浑身上下被粘腻的汗水浸透,沾染着一股血腥气,每一个微小的动作都会牵扯到后背的伤口,每走一步,后背都像被撕裂般的疼痛。
赵舒川走进逼仄的洗手间,洗手台上方有面镜子,他咬牙脱掉上衣,透过镜子,他看到肩胛骨下方有一道七八厘米长的口子,伤口两边的皮肉外翻,隐隐能看到深红色的肌肉组织。
来西街的这段日子,架赵舒川打了不少,偶尔也会受点皮外伤,可今天算是他有史以来受伤最为严重的一次。
赵舒川打开花洒,将一身的汗液血渍以及疲惫感都冲洗干净。

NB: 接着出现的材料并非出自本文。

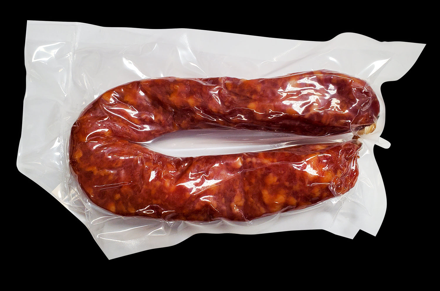 Traditional Dutch smoked sausage (metworst), dried and vacuum sealed on-site for freshness.
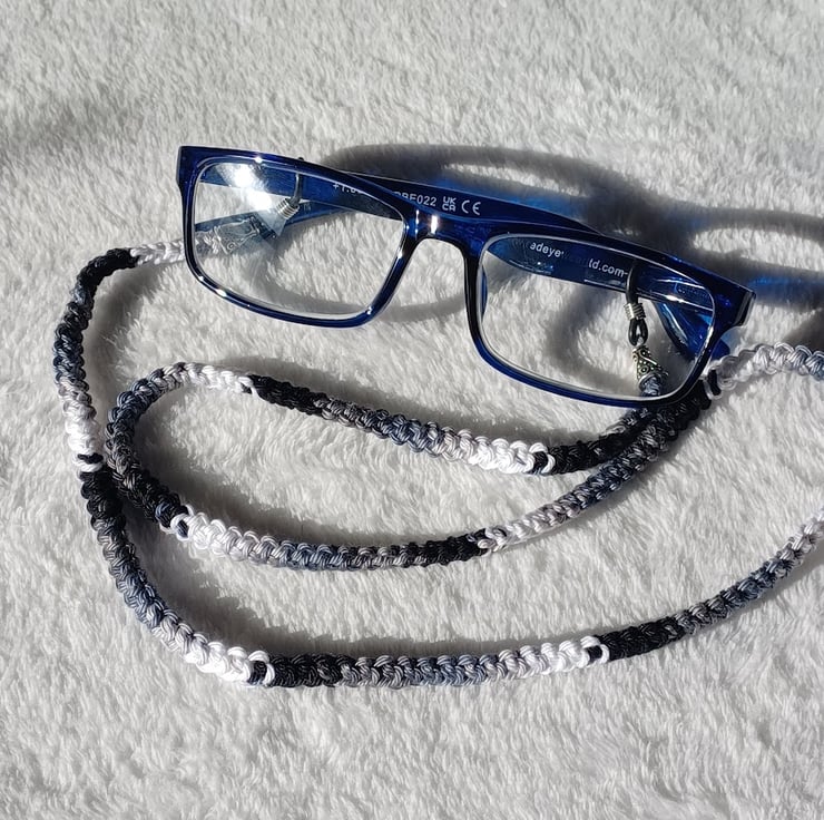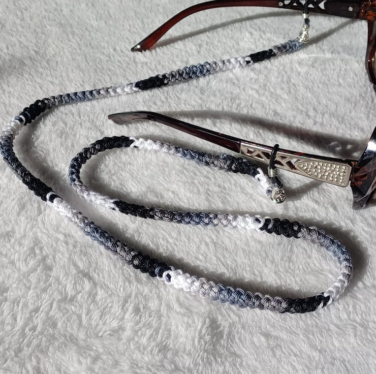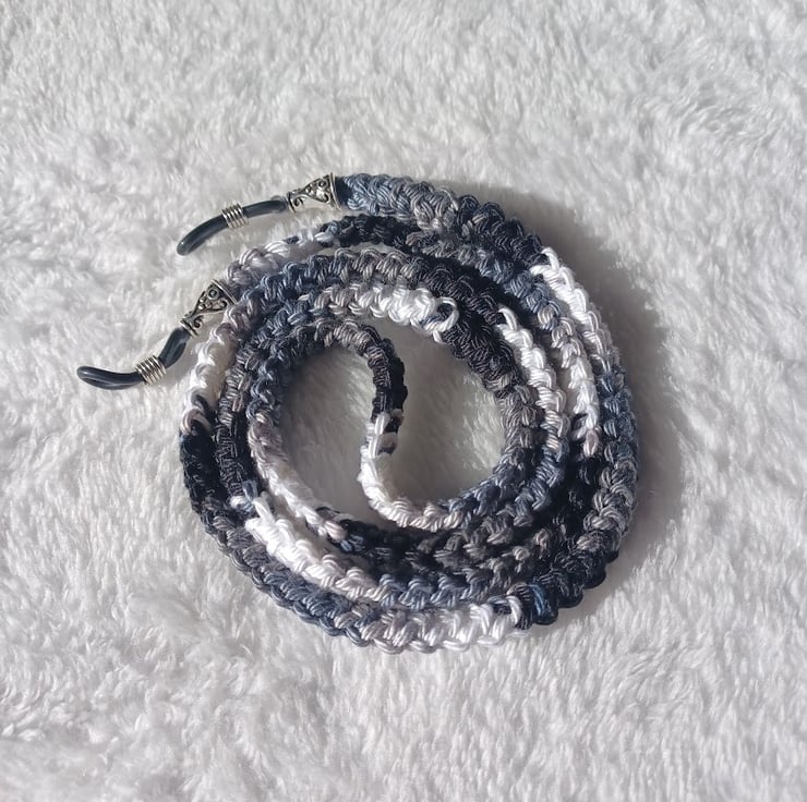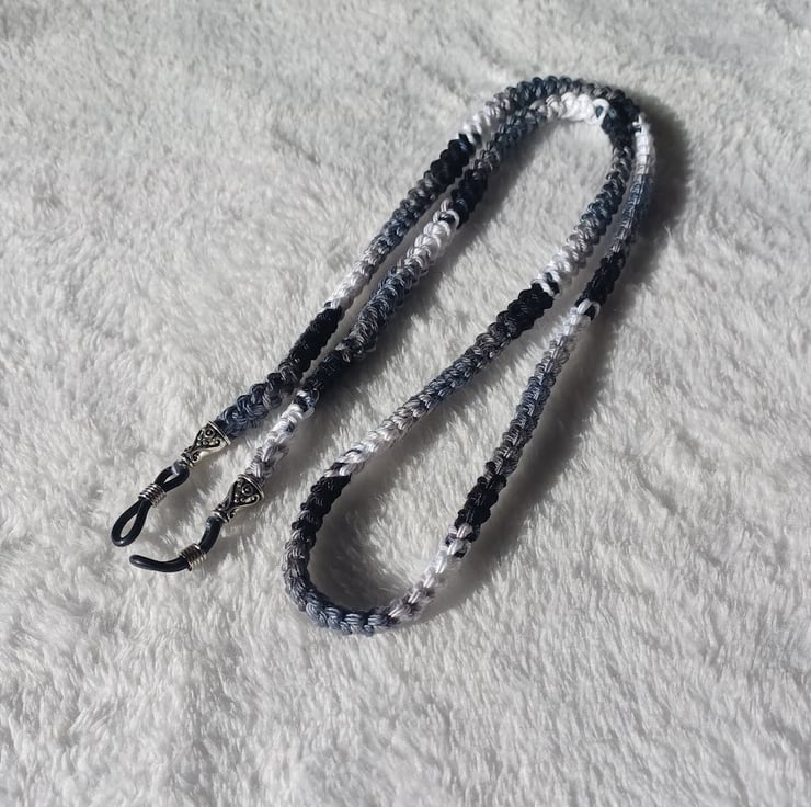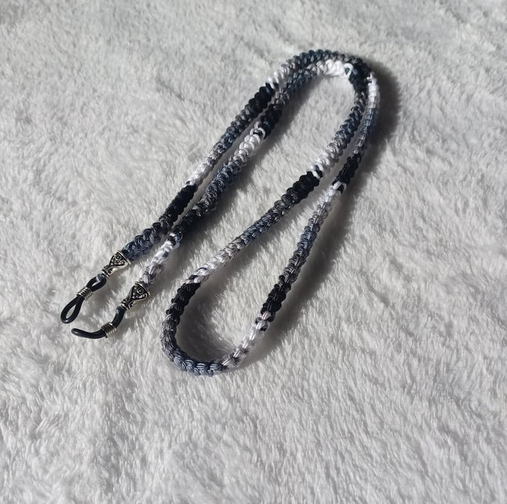 Crochet multicolour (black, grey, white) cotton cord for glasses with nice silver colour end bead and black loop

洗完澡后,拿出医疗箱,轻车熟路的给自己清理伤口。由于伤口的位置比较特殊,他只能对着镜子反手给自己消毒,最后再用纱布将伤口包好。
做完这一切,胳膊又酸又麻,浑身肌肉酸痛。他躺回床上,闭着眼在脑子力将今天的遭遇从头到尾又过了一遍,最后又想起李耀华在车上对他说的那番话。
总算还是有收获的。
避免压到伤口,赵舒川只能趴在床上。睡觉前他和往常一样,抬头看看正对着床的那面墙。
墙面泛着老旧的暗黄,在对着床位正中央的位置上有一副用铅笔画的肖像画。这画中人的五官眉眼以及轮廓都与傅子淼有□□分相似。

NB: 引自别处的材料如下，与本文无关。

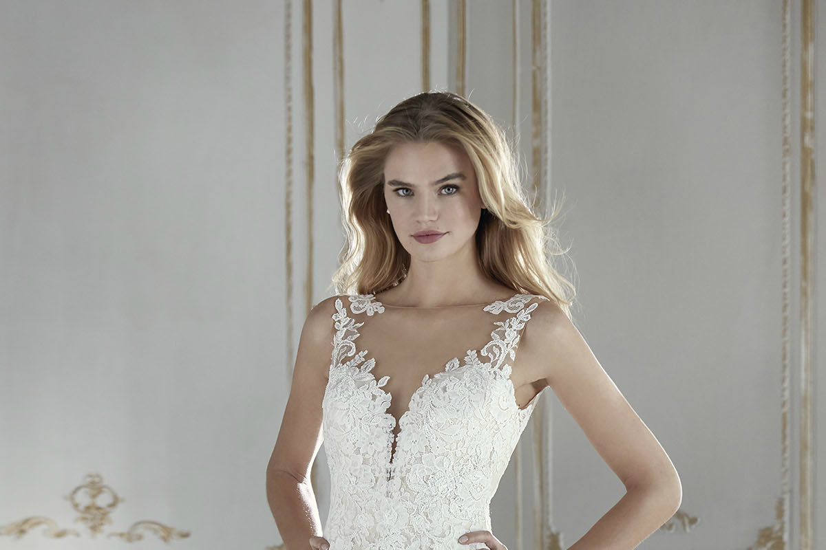 Fabuloso vestido de noiva corte sereia em renda e tule bordado com aplicações de pedraria. Um modelo muito feminino que acentua a sensualidade com a grande abertura central na saia e o decote em v no peito e nas costas. Dois decotes com placement de renda que debruam o decote fundindo os motivos florais com a pele. Um modelo moderno e muito romântico.

这是赵舒川刚搬进来那会心血来潮画的,画画的铅笔,是他从一个破旧书柜的抽屉里找到的。
从家离开的那天,他没有带走任何东西,哪怕是一张照片。以他现在卧底的身份,他绝不能和傅子淼有一丝一毫的牵扯,即使手机上也不能存他的照片。
在破旧闷热的昏暗公寓里,与日俱增的孤独和对傅子淼那漫无边际的思念,在赵舒川心底横行肆虐,无时无刻都妄想摧毁、折磨他。于是在某个夜晚,他捏着半截铅笔,将这无人诉说的孤独和思恋融入在一笔一画中,等他画完后他才发现自己画的竟然是傅子淼的脸。
每天晚上入睡前,赵舒川都会看着画像,祈祷他们在梦里相遇,到时候他一定会抱住他,亲吻他,在他耳边低语,告诉他:傅子淼,我真的好想你。